# Puppy biting his own tail.



## RebeccaSierra24 (Jul 25, 2011)

This seems like it would be a bad thing for him to do. He sometimes bites himself if he can't reach his tail.

Anyone else having this problem? Is this bad?

I've been replacing his body with a toy but he gets bored and bites his tail again..


----------



## KZoppa (Aug 14, 2010)

have you checked him for fleas or spoken with your vet about it? Tail chasing can be a damaging OCD behavior so distracting him with toys instead is a good start. Talk to your vet and see what they say.


----------



## RebeccaSierra24 (Jul 25, 2011)

Just looked at his tail. Seems to be some brown/white flakes on one localized spot. Couldn't find it anywhere else on his tail or body. 

Sound like anything?
There are no fleas.
I'll be going to the vet if he keeps going or if it worsens.


----------



## KZoppa (Aug 14, 2010)

what you're seeing could easily be flea dirt or he could have very dry skin. Just like us, when their skin dries out they get itchy too. Hope your vet has some ideas.


----------



## MicheleMarie (Mar 29, 2011)

my puppy does the same thing-he will sometimes chase his tail in circles and then sort of bite it. I add eggs and yogurt to his diet and the itching has stopped-but like someone posted earlier this can turn into a horrible HORRIBLE OCD habbit and should be stopped immedietely. When my pup does it I now correct first and then distract with a toy.

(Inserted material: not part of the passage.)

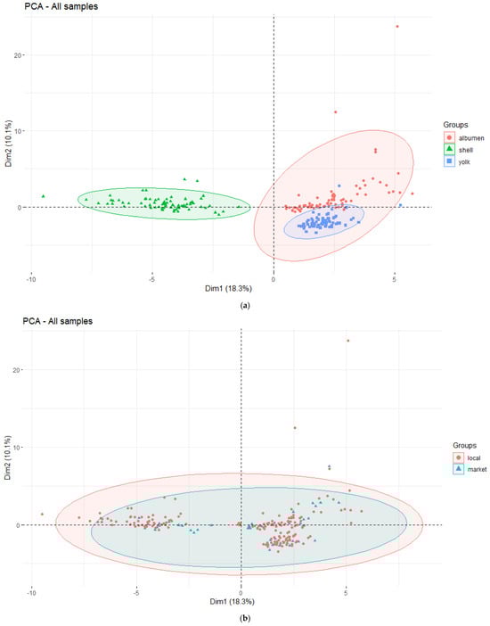 The statistical analysis was conducted using R 4.2.1 with the FactoMiner (version 2.9) and mixOmics (version 3.18) packages for multivariate data analysis [54,55,56]. This study comprised 70 egg samples, with 15 sourced from the supermarket and 55 sourced from local farms. Chemometric fingerprints were measured for each sample’s yolk, albumen, and eggshell, resulting in an initial dataset of 210 observations and 66 variables. Two discrete variables in the dataset indicate each sample’s egg part and rearing system of laying hen. In comparison, the remaining 64 variables measure the elemental composition in mg/kg of macro-minerals, heavy metals, toxic heavy metals, rare earth critical technological critical elements (TCEs), platinum group elements (PGEs), alkaline metals, alkaline earth metals, and transition- and post-transition metals. The dataset contains no missing values.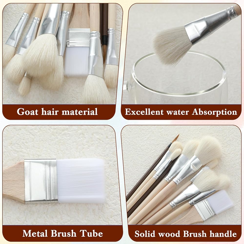 Quality Material: These mop brushes for acrylic painting are made of premium natural goat hair bristles and wood handles, reliable and durable. It is a reliable tool for artists and hobbyists that can be used for a long time

I want him to know that it's bad and I don't want him doing it...but he's 7 months now..if he was younger I would just distract with a toy at first.


----------



## carmspack (Feb 2, 2011)

this can develop into a real horrible compulsive problem --- don't encourage it by making him "do the trick" don't laugh . This is behavioural , not fleas , or diet. I know of dogs that have damaged themselves so much that the tail has been amputated and the dog stills tries to catch a phantom tail.
Carmen
Carmspack Working German Shepherd Dogs


----------



## RebeccaSierra24 (Jul 25, 2011)

He hasn't done it for a while (THANK GOD!!). However, he still keeps biting/niggling/nibbling on his legs..

Any idea why he'd be doing this? Or would it be the same reason to chase his tail?


----------



## carmspack (Feb 2, 2011)

depends on what you are describing.

There is also flank sucking - same obsessive compulsive action. Dog Compulsive Behavior – Spinning, Tail Chasing, Pacing more Types, Symptoms and Treatments on MedicineNet

Compulsive, Sterotypic and Displacement Behaviors in Dogs and Cats - My Pets Pages

contact the breeder and ask them whether either parent dog had any repetitive behaviour . 

Carmen
Carmspack Working German Shepherd Dogs


----------



## robinhuerta (Apr 21, 2007)

I'm no expert but about 12 years ago...I had a puppy that displayed this behaviour.
We also thought that we could "fix" the behaviour by doing many of the things already mentioned. Puppy was checked by vet for any underlying problem....there was no medical reason for the behaviour.
After months of trying to "redirect" the compulsive response to bite & chase the tail.....we put the young dog down.
Out of a litter of 11 puppies....it was the only pup to ever display any compulsive disorder. Mother was bred once more by us.....no other pups exhibited any such behaviors.
This behaviour can be very destructive, horrible for the dog & escalate in intensity.


----------



## gagsd (Apr 24, 2003)

IMO, the main cause of this type of behavior is lack of exercise. 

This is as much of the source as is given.